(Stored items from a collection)
***
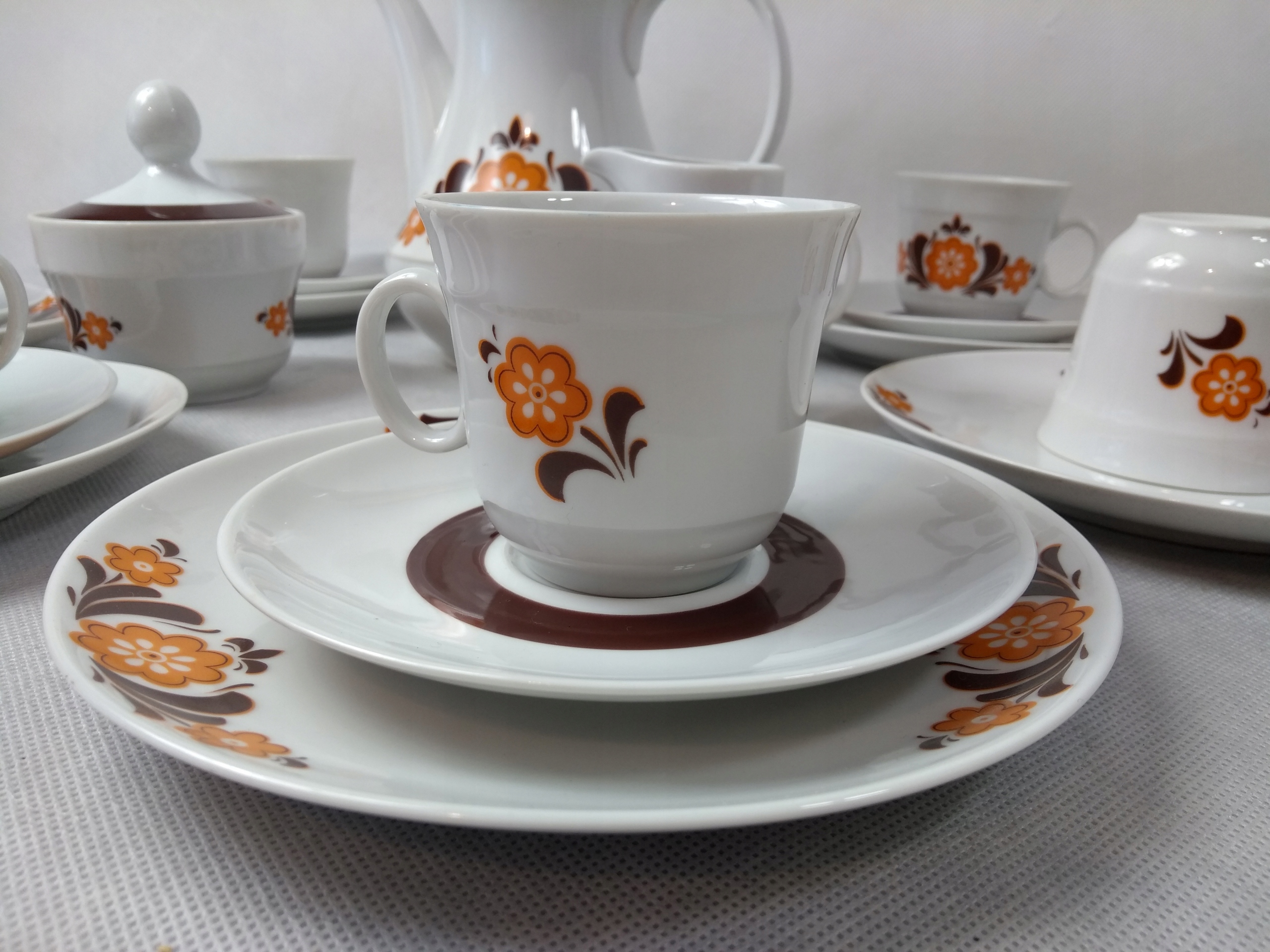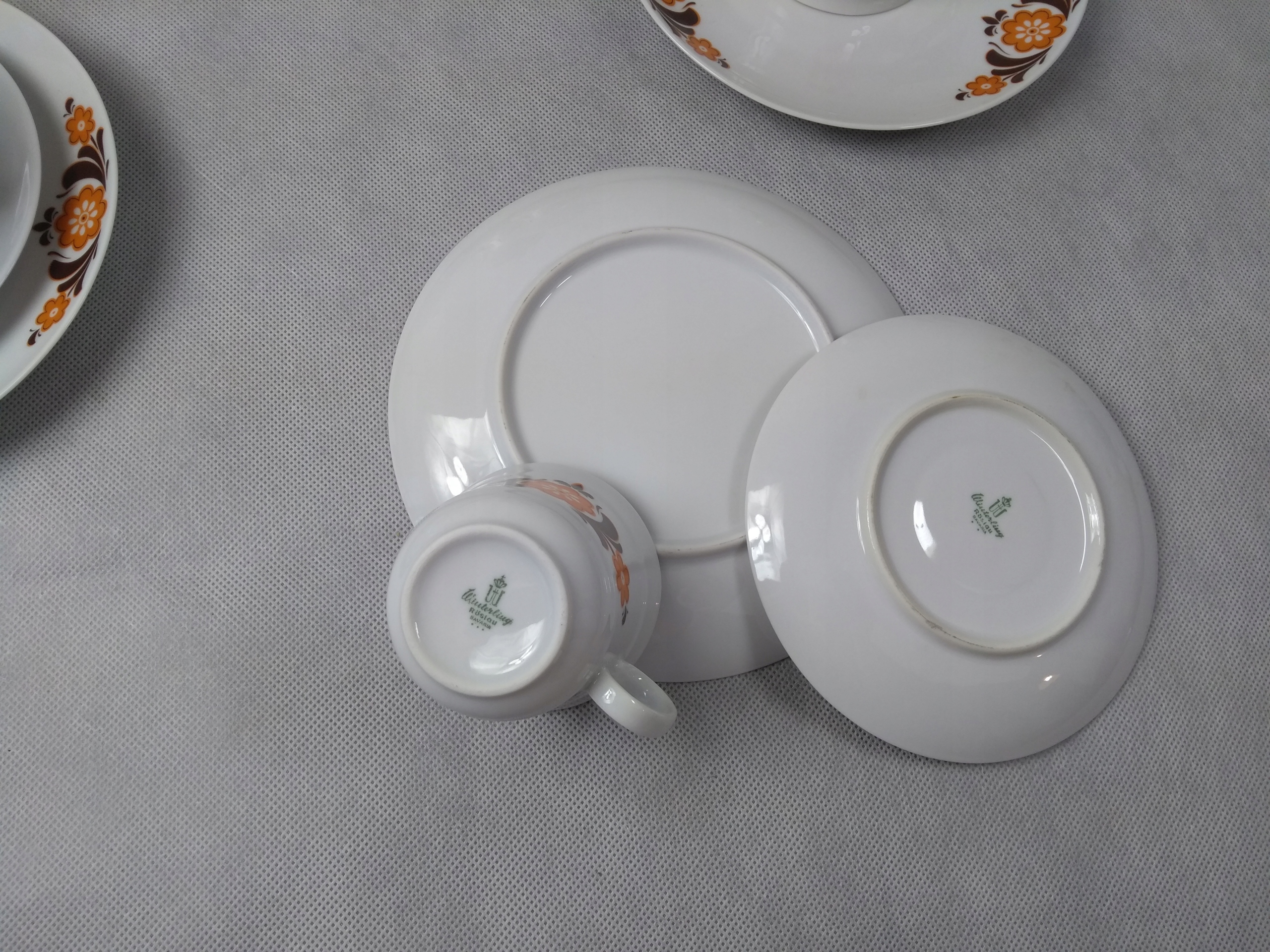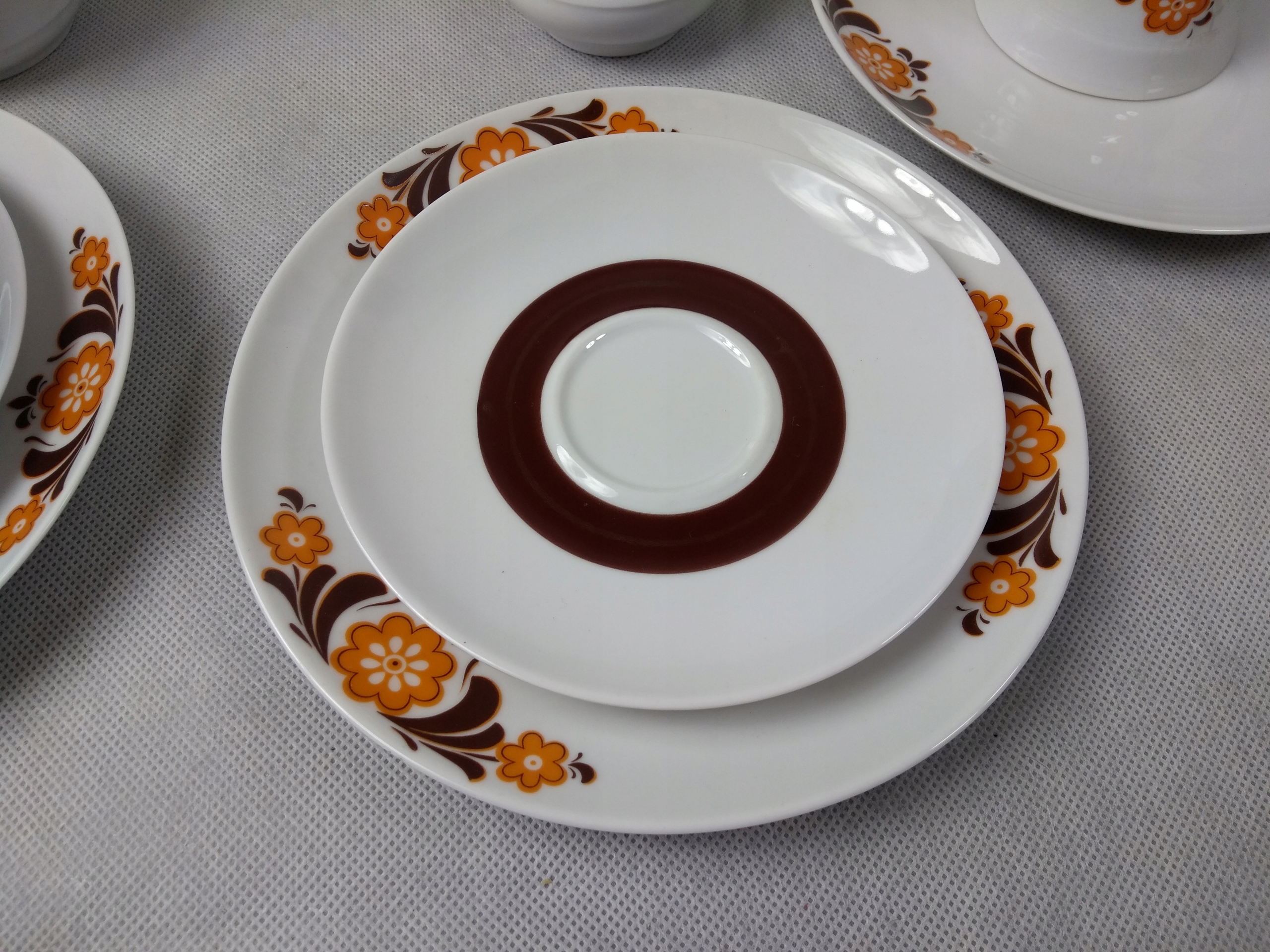 Белый фарфор, украшенный узором оранжевой и коричневой краской.
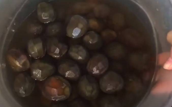 2. На 6 день сливаем воду с орехов, прокалываем вилкой с 3 сторон заливаем холодной водой и ставим на плиту, варим 10 мин с момента закипания, сливаем горячую воду заливаем холодной водой и даём полностью остыть, сливаем воду и снова заливаем холодной водой, доводим до кипения варим 10 мин.
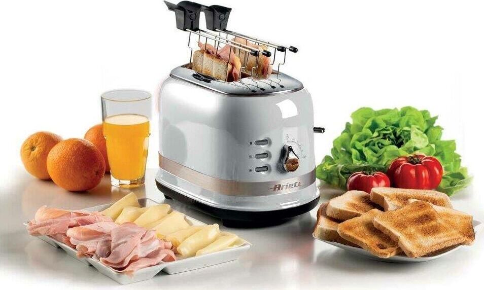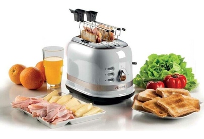 Функциональный тостер Moderna 0149 с изысканным дизайном сделает ваш завтрак идеальным. Тостер имеет 3 режима нагрева: тост, разморозка, разогрев и 6 настроек степени поджаривания для равномерного подрумянивания хлеба со всех сторон. Он оснащен автоматической системой центрирования для идеального поджаривания хлеба или сэндвича. Тостер Ariete Moderna 0149 представляет собой объект дизайна, который сочетает в себе эстетику и отличную функциональность. С его помощью вы быстро сможете создать именно свой бутерброд для безупречного завтрака. Материал корпуса - металл/пластик; Количество отделений - 2; Функция подогрева - да; Автоцентрирование тостов - да; Мощность - 685-815 Вт; Поддон для крошек - съемный; Количество степеней прожаривания - 6; Функция разморозки - да; Автоподъем тостов - да.
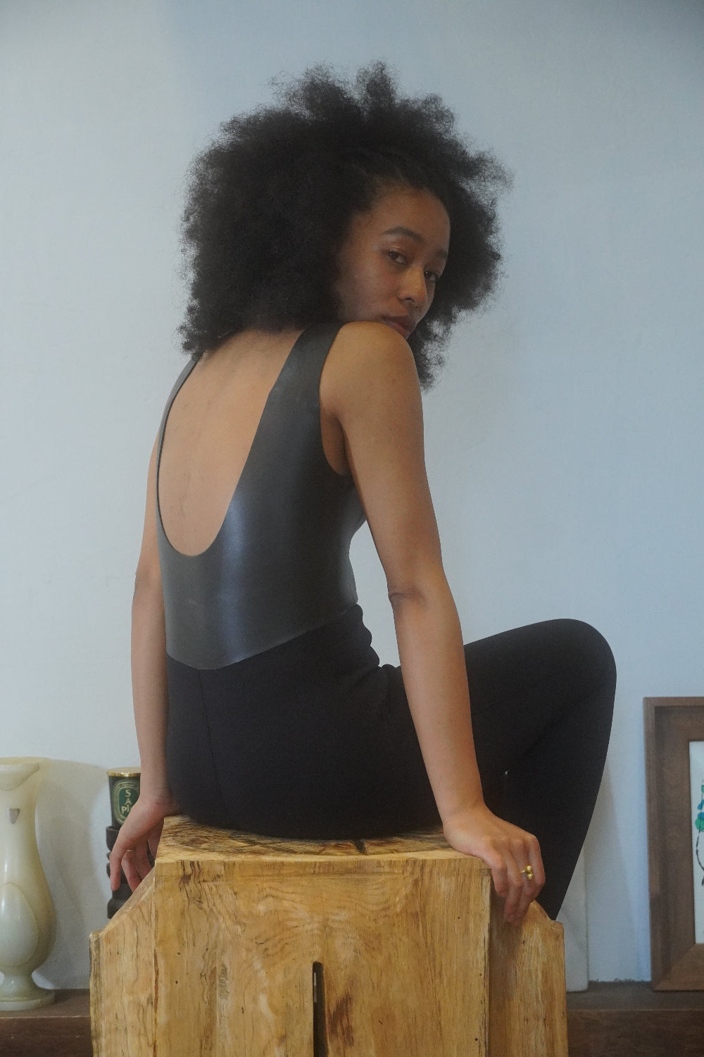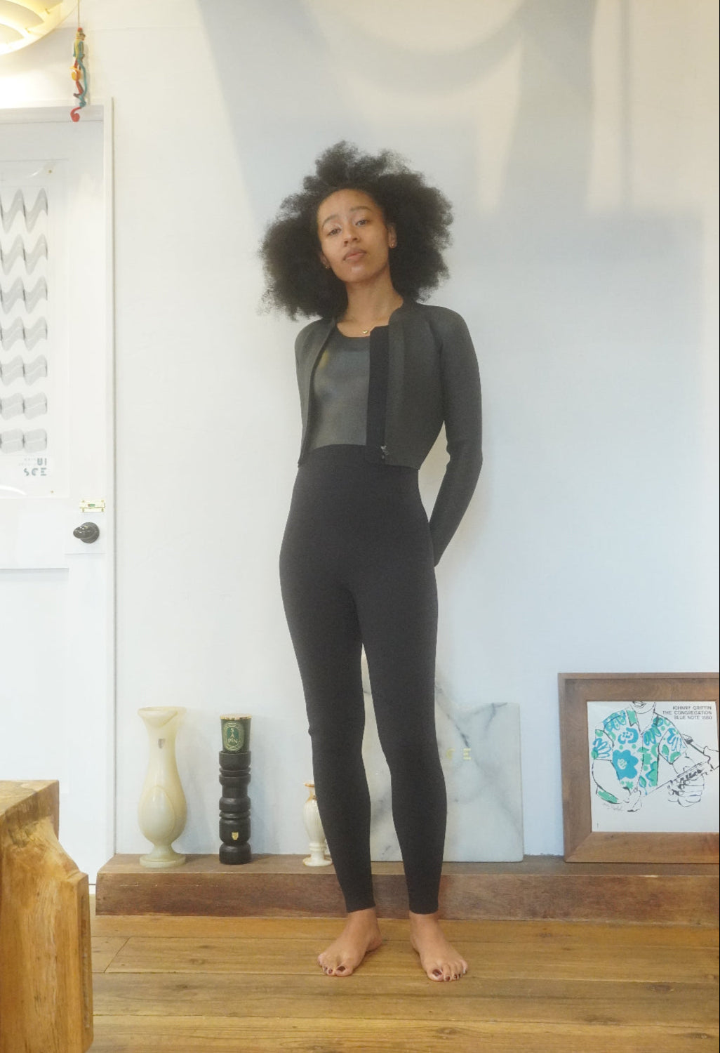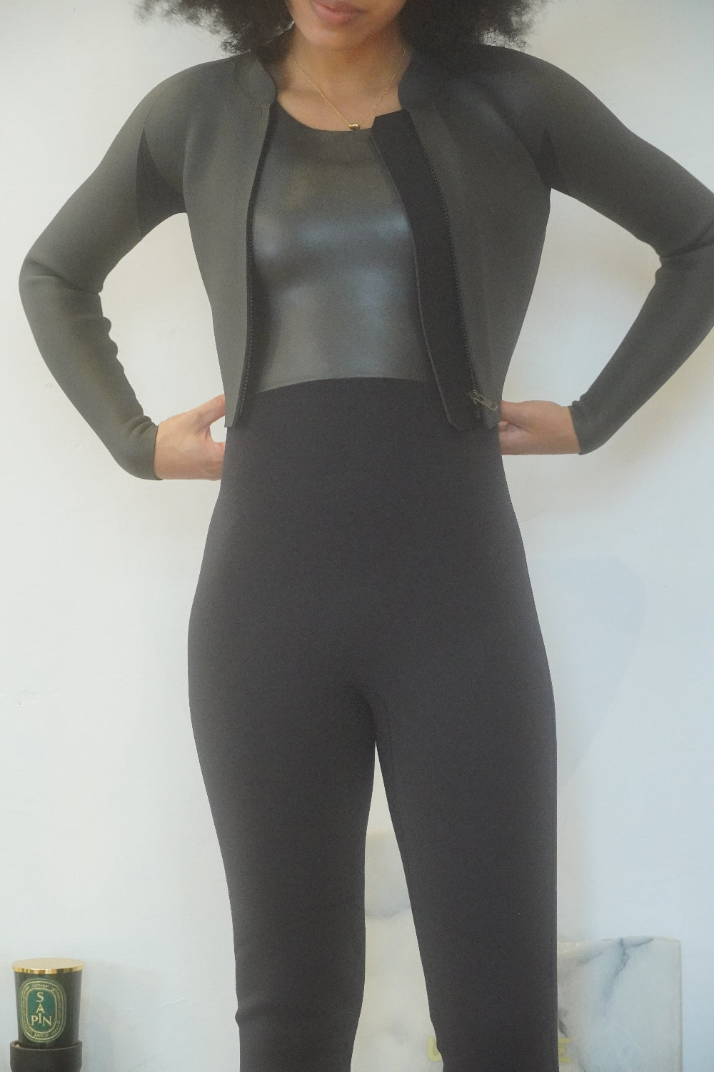 バストカップ付きでインナーいらず。1枚で快適に着用できるロングジョン。TOPSは縫製を省いた切りっぱなしのフラット仕様で、まるで肌の一部のようにフィットするしなやかな着心地。Rubber Short Zip Jacketとの組み合わせで、肌寒い季節もお使いいただけます。
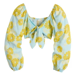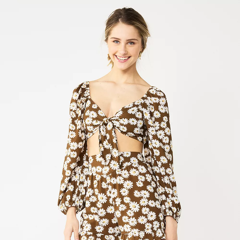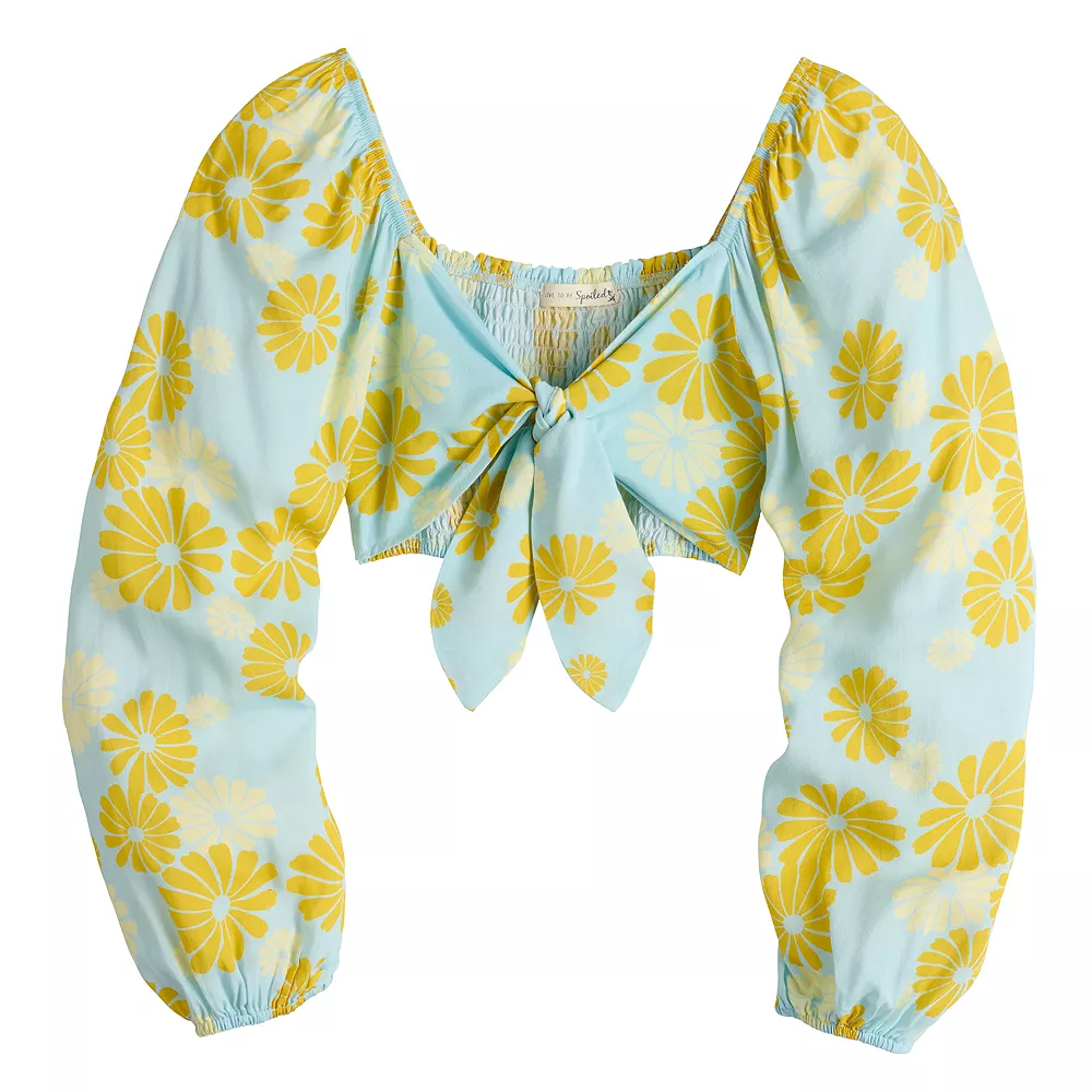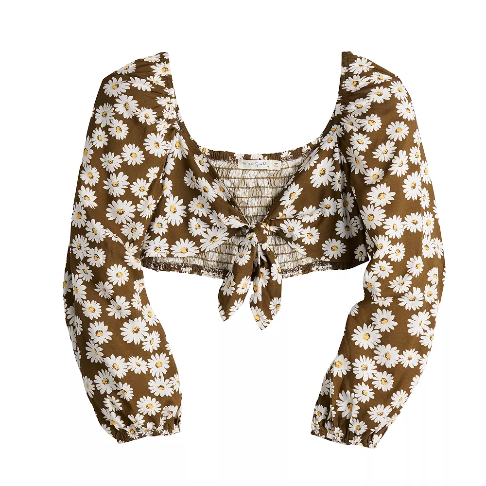 Get your fashion fill with this fabulous juniors’ tied front long sleeve crop top from Live To Be Spoiled.
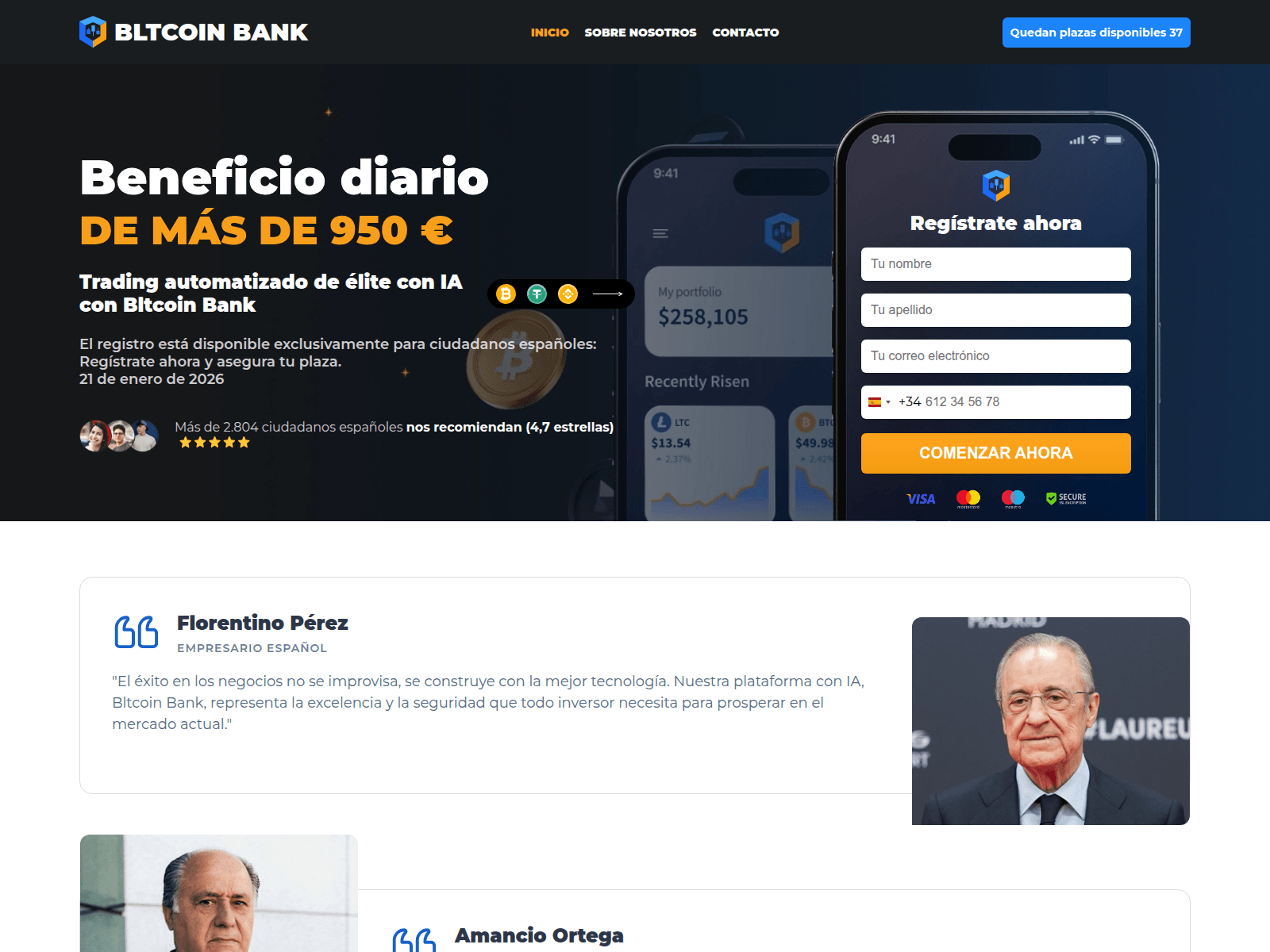 The site displays a page titled “Bltcoin Bank - Plataforma Oficial | Trading IA 2026”.
***
The task: Set down word for word every line from the line containing "Get your fashion" through the last line of the entries, and nothing more; no pictures.

Expected answer:
 Get your fashion fill with this fabulous juniors’ tied front long sleeve crop top from Live To Be Spoiled.
 The site displays a page titled “Bltcoin Bank - Plataforma Oficial | Trading IA 2026”.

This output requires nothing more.